In recent years, immune checkpoint proteins in the tumor microenvironment have been under intense study. If you work in the immuno-oncology field, chances are you are either performing multiplex immunohistochemistry (mIHC) or would like to. Ultimately, a multiplexed image like the one featured here provides a multi-layered depiction of a tumor, such that each antibody corresponds to a different fluorescent signal.
If you want to detect more targets in your IHC but aren’t sure how to design a panel of antibodies and fluorophores for mIHC, we’ll walk you through the process in this post, paying special attention to antibody order as it relates to epitope masking.
Visualizing tumors with mIHC gives you the ability to characterize the immune infiltrate and test hypotheses in novel ways. For example, are T cells localized primarily to the tumor periphery, along the invasive margin or within the tumor itself? Are those that are present expressing markers of exhaustion? How close in proximity are PD-1+/CD8+ T cells to PD-L1+ macrophages? Are the CD8+ T cells in the tumor activated?
Questions like these are becoming critical to the understanding of response rates to PD-1 blockade and the movement past PD-L1 as the main biomarker.
When designing an mIHC panel, there are many factors to consider. A tyramide-based multiplex approach may be the simplest way to achieve strong signal in FFPE tissue. If you have the tissue, IHC-validated antibodies, and tyramide-fluorophore conjugates at hand, you’ll be able to set up a protocol. One of the biggest factors to consider is how much of each antibody you will need, as less antibody is often required when detecting with tyramide compared to a chromogen such as DAB (3,3′-Diaminobenzidine).
Once you get a sense for the relative intensity of the staining for each antibody, you then need to figure out the best way to achieve a balanced set of signals in your final panel. Ideally, you want to pair the antibodies with the strongest labeling and/or the most abundant target expression with the weakest available tyramide-fluorophore conjugates, and pair the weakest-staining antibody with the brightest conjugates.
The mIHC protocol involves multiple heating cycles in order to remove (strip) the primary and secondary antibodies in between each staining round. This introduces another set of factors to take into account when fitting all the pieces of the puzzle together. While some epitopes may be largely unaffected by this heating, others are more heat-sensitive and will degrade with each round of heating, demonstrating progressively weaker signal. On the other hand, other epitopes can become more exposed with each additional heating step and will demonstrate stronger signal as each cycle is performed. Antibodies to epitopes that fall into this last category will optimally be placed in one of the last slots in the panel.

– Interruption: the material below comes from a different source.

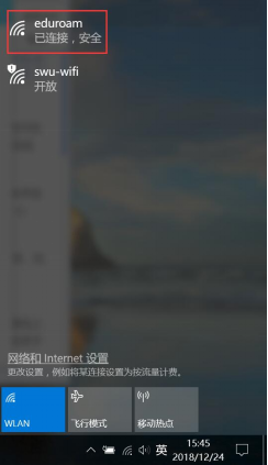 12. 点击右下角“无线图标”,选择“eduroam”,点击“连接”即可,如下图所示:

You should also consider the efficiency of primary antibody stripping. To test for efficient stripping, you can perform a normal staining round with steps for primary, secondary, tyramide detection, and heating. Then, perform a second round, this time omitting the primary antibody, with the same secondary and tyramide amplification steps but substituting a second fluorophore for the tyramide conjugate. Low staining in this channel indicates complete stripping, as in the example below (left panel). If you observe staining in the second channel, as shown in the CD4 test below (right panel, compare signal in the red channel), it's an indication that stripping of the primary antibody is incomplete, and you should further optimize conditions to ensure complete removal of the primary.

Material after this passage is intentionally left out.